Kepala Bidang Humas Polda Jabar, Kombes Pol. Hendra Rochmawan, S.I.K., M.H., mengungkapkan bahwa polisi telah mengamankan lima orang yang diduga terlibat dalam aktivitas perburuan tersebut. Kelima orang berinisial M, U, J, AM, dan A saat ini diamankan di Polres Karawang untuk menjalani pemeriksaan lebih lanjut.
“Kelima orang tersebut sudah kami amankan di Polres Karawang dan telah dimintai keterangan terkait dugaan perburuan hewan dilindungi di kawasan Gunung Sangga Buana,” ujar Kombes Pol.
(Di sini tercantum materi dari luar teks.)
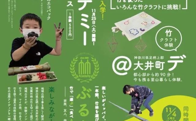 ワークショップ 都心部から約90分。家族みんなで、竹で「遊ぶ」「食べる」「学ぶ」「創る」体験入学‼「竹アカデミー」 オープンキャンパス 開催日 11月4日(土)10:00~15:00 2023.10.19 ワークショップ手仕事NEWS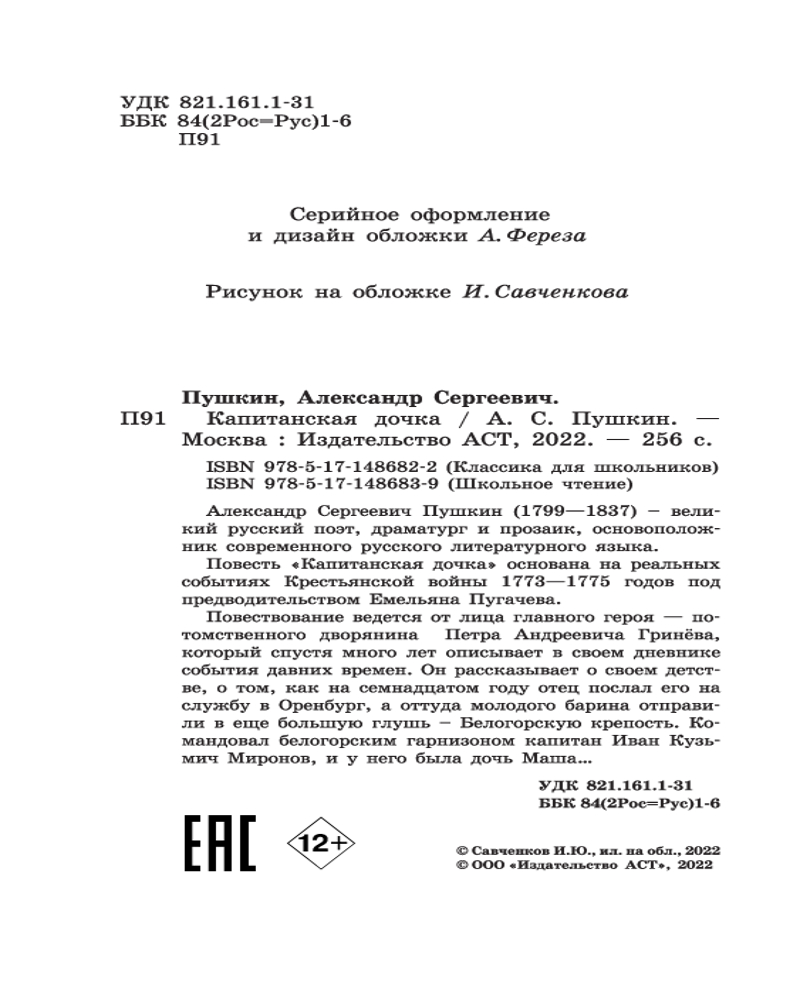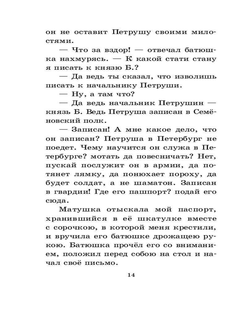 В данный момент этот товар отсутствует в продаже. Возможно, у нас найдется аналогичный или похожий товар здесь. Серия: Классика для школьников Александр Сергеевич Пушкин (1799-1837) — великий русский поэт, драматург и прозаик, основоположник современного русского литературного языка. Повесть «Капитанская дочка» основана на реальных событиях крестьянской войны 1773-1775 годов под предводительством Емельяна Пугачева. Повествование ведется от лица главного героя — потомственного дворянина Петра Андреевича Гринёва, который спустя много лет описывает в своем дневнике события давних времен. Он рассказывает о своем детстве, о том как на семнадцатом году отец послал его на службу в Оренбург, а оттуда молодого барина отправили в еще большую глушь — Белогорскую крепость. Командовал белогорским гарнизоном капитан Иван Кузьмич Миронов, и у него была дочь Маша... |

Hendra Rochmawan, Selasa (27/1/2026).
Dalam proses penindakan, petugas juga menyita satu pucuk senjata api rakitan laras panjang yang diduga digunakan untuk melakukan perburuan satwa dilindungi. Senjata tersebut kini diamankan sebagai barang bukti untuk kepentingan penyelidikan.
Meski demikian, Kombes Pol. Hendra menegaskan bahwa kelima orang tersebut masih berstatus sebagai saksi. Penyidik saat ini masih melengkapi alat bukti serta mendalami keterangan dari saksi-saksi lainnya.
“Sementara ini statusnya masih saksi. Kami tetap mengedepankan asas praduga tidak bersalah. Apabila nantinya ditemukan bukti permulaan yang cukup, maka status saksi akan ditingkatkan menjadi tersangka,” tegasnya.
Diketahui, para saksi berasal dari Desa Kertamanah, Kecamatan Sukasari, Kabupaten Purwakarta. Sementara lokasi dugaan perburuan dan penindakan berada di kawasan Gunung Sangga Buana, Kabupaten Karawang.
Polda Jawa Barat menegaskan komitmennya untuk menindak tegas segala bentuk perburuan satwa liar yang dilindungi. Selain melanggar hukum, tindakan tersebut dinilai dapat mengancam kelestarian ekosistem serta keseimbangan alam.